Records for this task:
————————
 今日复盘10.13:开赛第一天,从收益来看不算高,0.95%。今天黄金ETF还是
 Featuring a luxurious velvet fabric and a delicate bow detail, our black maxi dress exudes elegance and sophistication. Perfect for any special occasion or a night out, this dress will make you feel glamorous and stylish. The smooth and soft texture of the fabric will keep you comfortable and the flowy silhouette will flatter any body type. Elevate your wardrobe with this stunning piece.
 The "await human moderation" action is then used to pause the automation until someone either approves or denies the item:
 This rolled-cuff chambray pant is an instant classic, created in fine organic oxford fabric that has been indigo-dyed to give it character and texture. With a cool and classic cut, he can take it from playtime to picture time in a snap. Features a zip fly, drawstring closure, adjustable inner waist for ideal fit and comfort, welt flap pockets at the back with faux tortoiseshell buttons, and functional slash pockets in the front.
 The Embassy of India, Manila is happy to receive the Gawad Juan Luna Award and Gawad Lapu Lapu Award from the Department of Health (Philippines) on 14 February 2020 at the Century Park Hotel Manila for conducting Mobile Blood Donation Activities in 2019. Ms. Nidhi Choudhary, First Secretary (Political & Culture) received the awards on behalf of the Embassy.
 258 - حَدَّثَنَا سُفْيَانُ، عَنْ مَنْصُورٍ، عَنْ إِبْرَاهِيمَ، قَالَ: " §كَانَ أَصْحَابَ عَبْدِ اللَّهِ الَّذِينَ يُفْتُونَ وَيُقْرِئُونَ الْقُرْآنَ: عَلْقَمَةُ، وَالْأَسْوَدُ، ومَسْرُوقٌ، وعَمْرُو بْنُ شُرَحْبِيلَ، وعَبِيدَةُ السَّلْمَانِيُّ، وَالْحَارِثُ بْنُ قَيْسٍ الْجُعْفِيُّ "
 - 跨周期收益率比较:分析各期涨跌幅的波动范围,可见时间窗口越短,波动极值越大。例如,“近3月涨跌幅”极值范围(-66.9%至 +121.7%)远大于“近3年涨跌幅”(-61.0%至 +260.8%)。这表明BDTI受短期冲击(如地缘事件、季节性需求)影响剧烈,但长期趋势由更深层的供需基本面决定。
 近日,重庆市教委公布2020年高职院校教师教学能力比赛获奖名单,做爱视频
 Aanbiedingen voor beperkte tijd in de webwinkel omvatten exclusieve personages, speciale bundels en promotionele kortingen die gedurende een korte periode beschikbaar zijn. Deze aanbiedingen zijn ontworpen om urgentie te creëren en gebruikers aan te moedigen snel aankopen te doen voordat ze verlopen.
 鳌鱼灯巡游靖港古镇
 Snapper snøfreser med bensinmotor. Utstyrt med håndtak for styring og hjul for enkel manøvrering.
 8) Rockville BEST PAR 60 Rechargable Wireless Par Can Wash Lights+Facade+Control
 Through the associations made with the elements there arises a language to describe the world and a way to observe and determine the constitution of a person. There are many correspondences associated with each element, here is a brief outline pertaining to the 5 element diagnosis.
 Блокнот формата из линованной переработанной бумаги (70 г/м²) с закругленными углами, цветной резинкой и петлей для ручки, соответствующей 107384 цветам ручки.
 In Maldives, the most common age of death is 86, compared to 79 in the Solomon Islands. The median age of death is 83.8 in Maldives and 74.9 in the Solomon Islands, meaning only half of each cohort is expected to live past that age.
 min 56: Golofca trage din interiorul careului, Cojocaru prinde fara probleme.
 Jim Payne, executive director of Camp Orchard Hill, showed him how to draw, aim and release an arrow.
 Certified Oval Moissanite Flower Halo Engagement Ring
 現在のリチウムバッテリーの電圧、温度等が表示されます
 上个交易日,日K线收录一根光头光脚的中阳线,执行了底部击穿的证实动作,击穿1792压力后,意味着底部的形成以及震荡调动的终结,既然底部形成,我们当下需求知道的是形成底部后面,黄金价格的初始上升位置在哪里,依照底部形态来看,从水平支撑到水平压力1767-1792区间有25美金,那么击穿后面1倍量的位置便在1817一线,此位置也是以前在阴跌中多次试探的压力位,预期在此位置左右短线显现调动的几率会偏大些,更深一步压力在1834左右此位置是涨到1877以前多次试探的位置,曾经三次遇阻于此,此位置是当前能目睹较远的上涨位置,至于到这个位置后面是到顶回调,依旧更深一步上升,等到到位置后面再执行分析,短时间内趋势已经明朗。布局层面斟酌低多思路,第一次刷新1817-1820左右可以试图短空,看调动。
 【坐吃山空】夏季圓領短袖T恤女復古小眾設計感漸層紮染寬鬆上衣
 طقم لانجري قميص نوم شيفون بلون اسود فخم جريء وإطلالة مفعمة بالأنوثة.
————————
To do:
Each record above is to be printed again exactly as written.

Answer below:
 今日复盘10.13:开赛第一天,从收益来看不算高,0.95%。今天黄金ETF还是
 Featuring a luxurious velvet fabric and a delicate bow detail, our black maxi dress exudes elegance and sophistication. Perfect for any special occasion or a night out, this dress will make you feel glamorous and stylish. The smooth and soft texture of the fabric will keep you comfortable and the flowy silhouette will flatter any body type. Elevate your wardrobe with this stunning piece.
 The "await human moderation" action is then used to pause the automation until someone either approves or denies the item:
 This rolled-cuff chambray pant is an instant classic, created in fine organic oxford fabric that has been indigo-dyed to give it character and texture. With a cool and classic cut, he can take it from playtime to picture time in a snap. Features a zip fly, drawstring closure, adjustable inner waist for ideal fit and comfort, welt flap pockets at the back with faux tortoiseshell buttons, and functional slash pockets in the front.
 The Embassy of India, Manila is happy to receive the Gawad Juan Luna Award and Gawad Lapu Lapu Award from the Department of Health (Philippines) on 14 February 2020 at the Century Park Hotel Manila for conducting Mobile Blood Donation Activities in 2019. Ms. Nidhi Choudhary, First Secretary (Political & Culture) received the awards on behalf of the Embassy.
 258 - حَدَّثَنَا سُفْيَانُ، عَنْ مَنْصُورٍ، عَنْ إِبْرَاهِيمَ، قَالَ: " §كَانَ أَصْحَابَ عَبْدِ اللَّهِ الَّذِينَ يُفْتُونَ وَيُقْرِئُونَ الْقُرْآنَ: عَلْقَمَةُ، وَالْأَسْوَدُ، ومَسْرُوقٌ، وعَمْرُو بْنُ شُرَحْبِيلَ، وعَبِيدَةُ السَّلْمَانِيُّ، وَالْحَارِثُ بْنُ قَيْسٍ الْجُعْفِيُّ "
 - 跨周期收益率比较:分析各期涨跌幅的波动范围,可见时间窗口越短,波动极值越大。例如,“近3月涨跌幅”极值范围(-66.9%至 +121.7%)远大于“近3年涨跌幅”(-61.0%至 +260.8%)。这表明BDTI受短期冲击(如地缘事件、季节性需求)影响剧烈,但长期趋势由更深层的供需基本面决定。
 近日,重庆市教委公布2020年高职院校教师教学能力比赛获奖名单,做爱视频
 Aanbiedingen voor beperkte tijd in de webwinkel omvatten exclusieve personages, speciale bundels en promotionele kortingen die gedurende een korte periode beschikbaar zijn. Deze aanbiedingen zijn ontworpen om urgentie te creëren en gebruikers aan te moedigen snel aankopen te doen voordat ze verlopen.
 鳌鱼灯巡游靖港古镇
 Snapper snøfreser med bensinmotor. Utstyrt med håndtak for styring og hjul for enkel manøvrering.
 8) Rockville BEST PAR 60 Rechargable Wireless Par Can Wash Lights+Facade+Control
 Through the associations made with the elements there arises a language to describe the world and a way to observe and determine the constitution of a person. There are many correspondences associated with each element, here is a brief outline pertaining to the 5 element diagnosis.
 Блокнот формата из линованной переработанной бумаги (70 г/м²) с закругленными углами, цветной резинкой и петлей для ручки, соответствующей 107384 цветам ручки.
 In Maldives, the most common age of death is 86, compared to 79 in the Solomon Islands. The median age of death is 83.8 in Maldives and 74.9 in the Solomon Islands, meaning only half of each cohort is expected to live past that age.
 min 56: Golofca trage din interiorul careului, Cojocaru prinde fara probleme.
 Jim Payne, executive director of Camp Orchard Hill, showed him how to draw, aim and release an arrow.
 Certified Oval Moissanite Flower Halo Engagement Ring
 現在のリチウムバッテリーの電圧、温度等が表示されます
 上个交易日,日K线收录一根光头光脚的中阳线,执行了底部击穿的证实动作,击穿1792压力后,意味着底部的形成以及震荡调动的终结,既然底部形成,我们当下需求知道的是形成底部后面,黄金价格的初始上升位置在哪里,依照底部形态来看,从水平支撑到水平压力1767-1792区间有25美金,那么击穿后面1倍量的位置便在1817一线,此位置也是以前在阴跌中多次试探的压力位,预期在此位置左右短线显现调动的几率会偏大些,更深一步压力在1834左右此位置是涨到1877以前多次试探的位置,曾经三次遇阻于此,此位置是当前能目睹较远的上涨位置,至于到这个位置后面是到顶回调,依旧更深一步上升,等到到位置后面再执行分析,短时间内趋势已经明朗。布局层面斟酌低多思路,第一次刷新1817-1820左右可以试图短空,看调动。
 【坐吃山空】夏季圓領短袖T恤女復古小眾設計感漸層紮染寬鬆上衣
 طقم لانجري قميص نوم شيفون بلون اسود فخم جريء وإطلالة مفعمة بالأنوثة.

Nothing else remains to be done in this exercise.